▶ **Task**:
Transcribe all records exactly; omit pictures.

▶ **Provided entries**:

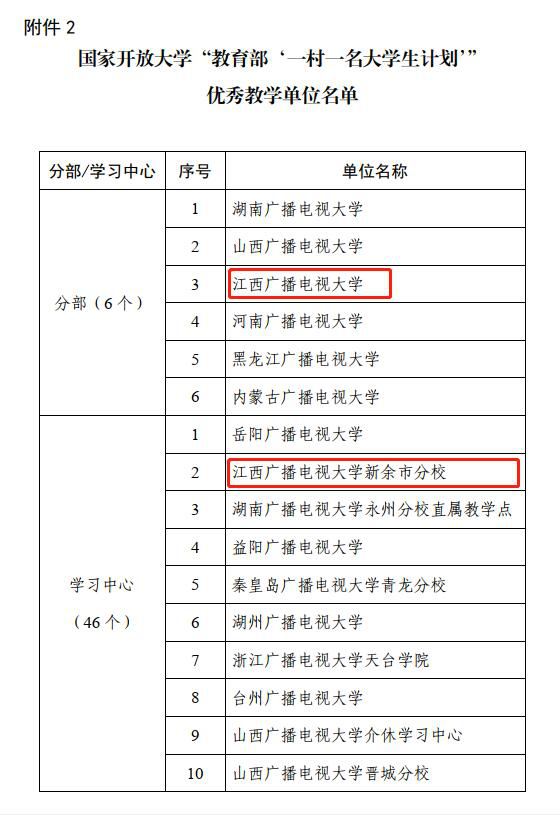 近日,国家开放大学公布了“教育部‘一村一名大学生计划’”优秀教学单位评选结果,beat365及新余电大分校本部、景德镇市电大乐平市教师进修学校教学点、萍乡电大芦溪工作站、上饶电大上饶县工作站、抚州电大南丰县工作、吉安电大新干县委党校教学点被评为国家开放大学“教育部‘一村一名大学生计划’”优秀教学单位。
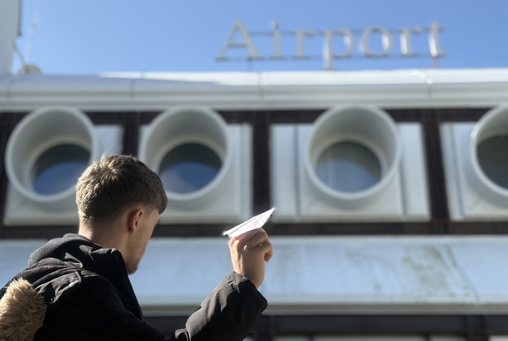 Nella foto c'è un ragazzo che tiene un aeroplano di carta vicino alla scritta "Airport". Questa foto rappresenta l'idea di sogni e il desiderio di volare.
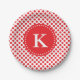 Plato De Papel Rojo monogramado sobre Punto de Polka Blanco
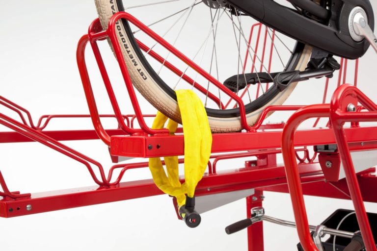 Válido para espacios abierto o cerrados, vigilados o no, incorpora un sistema neumático para facilitar el aparcamiento en el nivel superior y, gracias a su diseño, la seguridad del usuario está siempre garantizada. Fabricado en módulos de varias medidas, ofrece unas prestaciones especialmente pensadas para las bicicletas de gran formato, las bicis eléctricas y las bicis con cestas y portabebés.
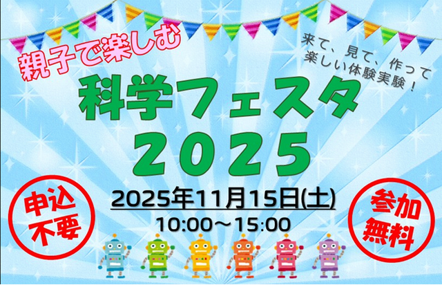 鶴岡工業高等専門学校(山形県鶴岡市 校長事務代理:宍戸 道明 以下「鶴岡高専」)は、令和7年11月15日(土)、「親子で楽しむ科学フェスタ2025」を開催しました。本イベントは、科学実験やものづくりを実際に体験してもらい、科学の不思議やものづくりの楽しさを実感してもらうことを目的として開催しているもので、今年で26回目の開催となります。コロナ禍以降は参加人数を制限しての開催が続いていましたが、今年は事前申込不要の自由参加形式で実施し、前回を超える約600名もの方々にご来場いただきました。
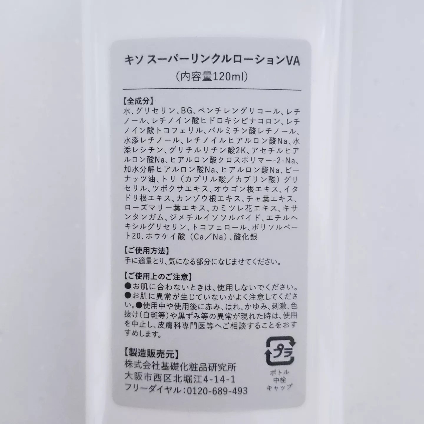 KISO スーパーリンクルローション VAはレチノール配合の化粧水。見た目に驚いたのを覚えています。だってかなりスリムなパッケージなんですもの。 肌にハリを与える・肌荒れを防ぐ・くすみを解消・若々しい弾力のある肌へ・キメの整った肌へ・透明感のある肌へといった年齢を感じる肌悩みに嬉しい成分であることには違いないから、上手くスキンケアに取り入れるのは賢い選択かも。 匂いがなく重さがないから、使いやすさもあり、レチノールによる刺激らしい刺激もなく普通に使えたので個人的には大丈夫でした。

▶ **Reply**:
 近日,国家开放大学公布了“教育部‘一村一名大学生计划’”优秀教学单位评选结果,beat365及新余电大分校本部、景德镇市电大乐平市教师进修学校教学点、萍乡电大芦溪工作站、上饶电大上饶县工作站、抚州电大南丰县工作、吉安电大新干县委党校教学点被评为国家开放大学“教育部‘一村一名大学生计划’”优秀教学单位。
 Nella foto c'è un ragazzo che tiene un aeroplano di carta vicino alla scritta "Airport". Questa foto rappresenta l'idea di sogni e il desiderio di volare.
 Plato De Papel Rojo monogramado sobre Punto de Polka Blanco
 Válido para espacios abierto o cerrados, vigilados o no, incorpora un sistema neumático para facilitar el aparcamiento en el nivel superior y, gracias a su diseño, la seguridad del usuario está siempre garantizada. Fabricado en módulos de varias medidas, ofrece unas prestaciones especialmente pensadas para las bicicletas de gran formato, las bicis eléctricas y las bicis con cestas y portabebés.
 鶴岡工業高等専門学校(山形県鶴岡市 校長事務代理:宍戸 道明 以下「鶴岡高専」)は、令和7年11月15日(土)、「親子で楽しむ科学フェスタ2025」を開催しました。本イベントは、科学実験やものづくりを実際に体験してもらい、科学の不思議やものづくりの楽しさを実感してもらうことを目的として開催しているもので、今年で26回目の開催となります。コロナ禍以降は参加人数を制限しての開催が続いていましたが、今年は事前申込不要の自由参加形式で実施し、前回を超える約600名もの方々にご来場いただきました。
 KISO スーパーリンクルローション VAはレチノール配合の化粧水。見た目に驚いたのを覚えています。だってかなりスリムなパッケージなんですもの。 肌にハリを与える・肌荒れを防ぐ・くすみを解消・若々しい弾力のある肌へ・キメの整った肌へ・透明感のある肌へといった年齢を感じる肌悩みに嬉しい成分であることには違いないから、上手くスキンケアに取り入れるのは賢い選択かも。 匂いがなく重さがないから、使いやすさもあり、レチノールによる刺激らしい刺激もなく普通に使えたので個人的には大丈夫でした。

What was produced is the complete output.